Looking at an example in the Mechanical Computer Aided Design (MCAE) area, techniques have been developed to use memory efficiently and not allowing the OS to start swapping. For example, in simulating a car crash, running on a single thin node would take significant amounts of memory. To get maximum performance, the entire model, composed of breaking up the solid car definition into small elements ("finite elements"), the material properties, the external forces, and the like, would have to be loaded into memory. Depending on the resolution of the model-- basically, how many elements are created and how many time steps are solved for -- a tremendous amount of memory would have to be used. Applications like this can be solved either on one system, or broken into smaller parts and solved on a number of horizontal systems.
Application developers have been able to write software that runs across a number of systems. The problem is divided into smaller pieces, with each piece placed on a different computer. For example, the hood of the car can be simulated on one system, the engine compartment on another, the roof on a third, and so on. The different systems would need to communicate the boundary conditions to the other systems, which require fast communications. The benefit to this approach is that the simulation can be run in much less time, since a number of CPUs are working together, in parallel. Also, since each node or core only gets a part of the data, the memory requirements are less on each node. In total, the memory requirements will be similar (or slightly more) compared to running on one system, but the time to solution will be considerably less. In an era of high competitiveness in many markets, the time to get the results outweighs the additional cost of purchasing more computer systems.
An example of a crash analysis CAE code is LS-DYNA from Livermore Software Technology (LSTC).
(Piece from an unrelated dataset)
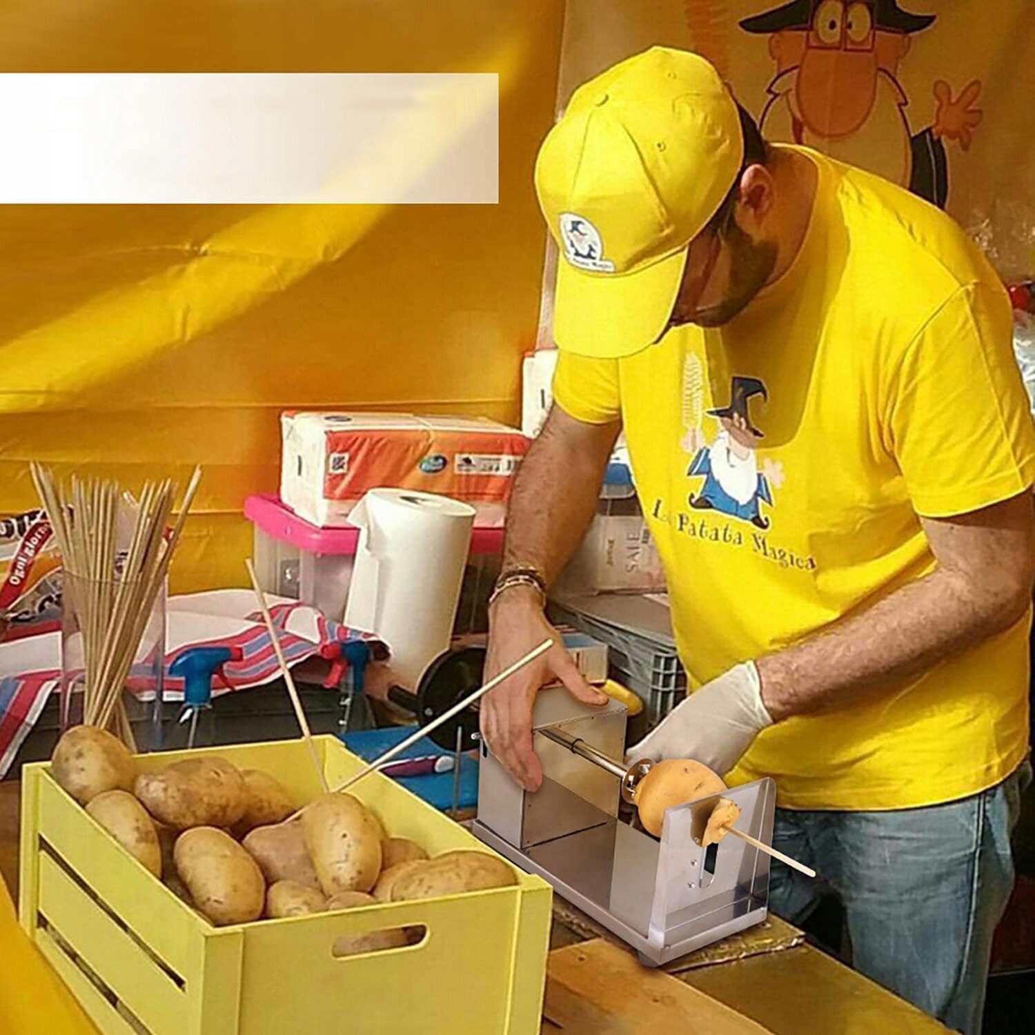 🥔【ШИРОКЕ ЗАСТОСУВАННЯ】 За допомогою цієї машини картоплю можна зручно та швидко перетворити на кручені картопляні чіпси, картоплю-торнадо та вегетаріанські закуски. Ви також можете використовувати цей інструмент для нарізання моркви, цибулі та цукіні.

Using one of the test codes, called "Neon Refined," customers or systems vendors can run this test case across various machine types, and look at different parameters. Figure 2 shows how an MCAE application scales across multiple machines. The system used for this example was the Sun Fire X2100, which contains one socket per system. By dividing the problem and using the memory associated with each node, the LS-DYNA run is very scalable.
Another example where running an application in a horizontal scaling environment is in the area of Computational Fluid Dynamics (CFD). Since the simulation can be broken up and solved in a parallel manner, the scaling can be very good and even slightly "super-linear" (see Figure 3). Since the multiple CPUs or cores contain more cache than a single core, this typically happens when more data can be held closer to the computational unit. Thus, the overall processing will be faster, since there is less access to main memory.
The amount of memory is critical in the overall performance of the system. The general rule is not to skimp on memory purchases and then to buy the fastest CPU available. It is important to investigate whether paying more for RAM is more beneficial than paying more for a faster CPU. In addition, by scaling horizontally, more memory can be addressed, which may result in higher overall performance.